Breaking down DnD Basic Part 1

So I had a chance to read through the DnD basic pdf. You can download either a full graphics version or a print friendly version from this link. Note that if you want to copy and paste text you will need to do it from the Print friendly version. The full graphics version has some weird formatting that turns the text into gibberish when you paste it. The full graphics version does read and print fine tho.

My thoughts in a nutshell, it feel and plays similar to how my Majestic Wilderlands campaigns does and it not dramatically different than the late playtest rules. Each character type is definitely better at certain things everybody can lend a hand if needed. In my campaign is because I use Swords and Wizardry as my core rules which is based on the 1974 version of DnD. Characters have differences but they are not as dramatic as in later editions.

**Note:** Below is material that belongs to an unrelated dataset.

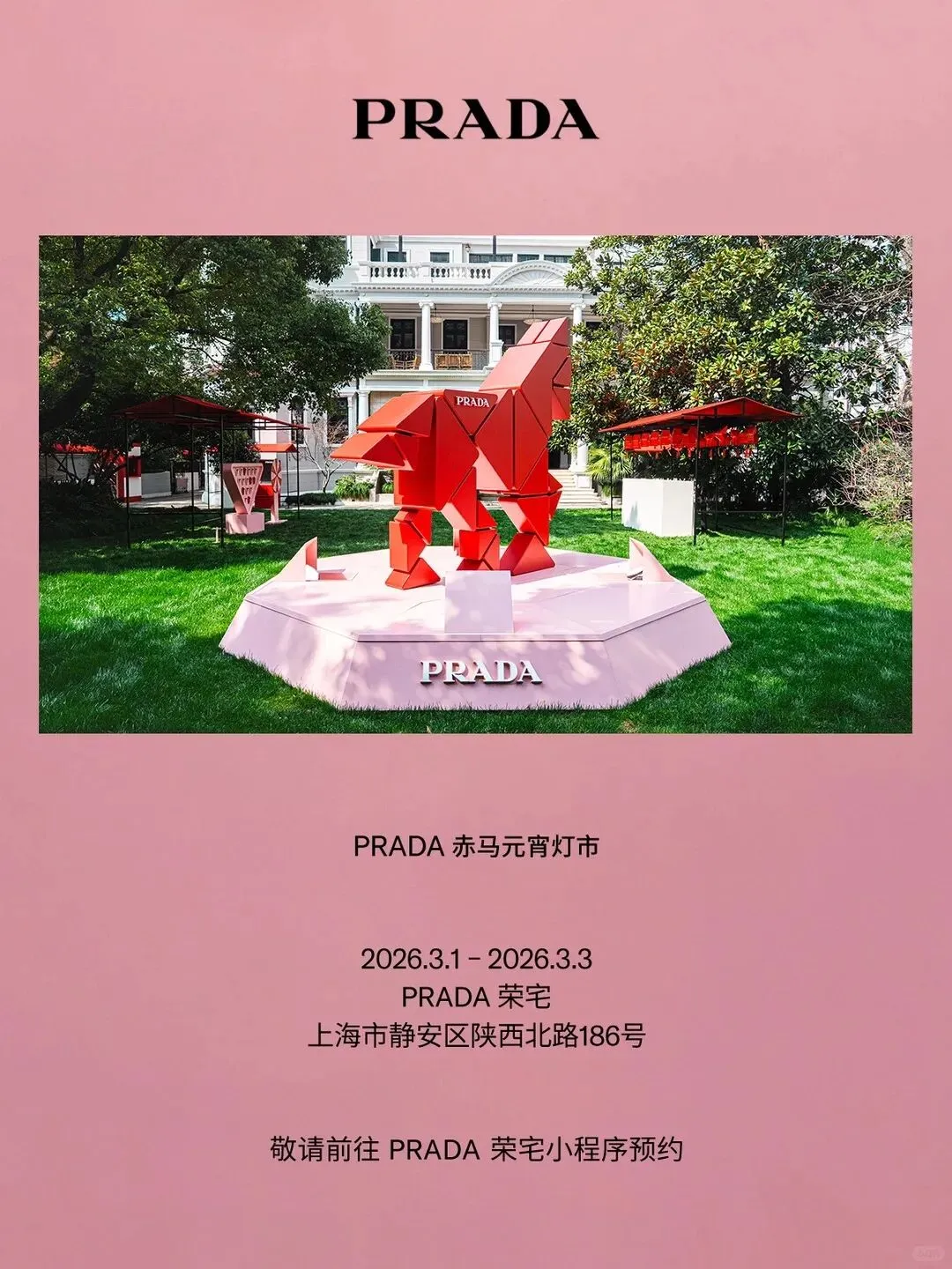 Prada赤马元宵灯市自即日起接受公众预约,并持续开放至2026年3月3日。

DnD 5e character mechanics has a similar design. If a wizard really had to get in and whack something with the staff they have similar contributions in the two editions. There are differences,  DnD 5e has a lot more variety in its mechanics than ODnD.  Many of the mechanics apply to all characters equally instead being baked into the character class like it with the later ODnD supplement or my MW Supplement.

In addition to mechanics the roleplaying of characters is emphasized with explicit advice and more importantly mechanics and aides to flesh out the background of the character. It is separate from the class mechanics which is excellent in my opinion. A full chapter is given over to this which serves to hammer in the point that RPGs are as much about the roleplaying as they are about the game. And just as important because it is in a separate chapter, you can tear it out and throw it way if it not for you. The game will work just as well without it as does with it. A win overall.

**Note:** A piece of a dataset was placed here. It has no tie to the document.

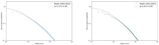 Decumulative probability distributions in log–log scale of winter rainfall depth per event and their q-exponential fits. Comparison between decades: 2002–2012 (left panel) and 2013–2023 (right panel).

Some OSR rulesets are really good at cloning the feel of a classic edition, but other twist the classic mechanics a little and give their game a unique feel. DnD 5e has its own unique feel. You have some flexibility but the simplicity is there. Different classes can do specific things well, yet all characters can attempt anything. Because of this many who are happy with a particular edition will probably not switch. But it is easy for a new gamer to learn. Not just game mechanics but the idea of roleplaying itself.

My opinion is that DnD 5e will be the favorite system of many, but serve equally well as a second favorite system. One that creates a common ground for fans of various editions to meet at conventions or game store and share a good adventure.

In the next series of post I will comment on each chapter.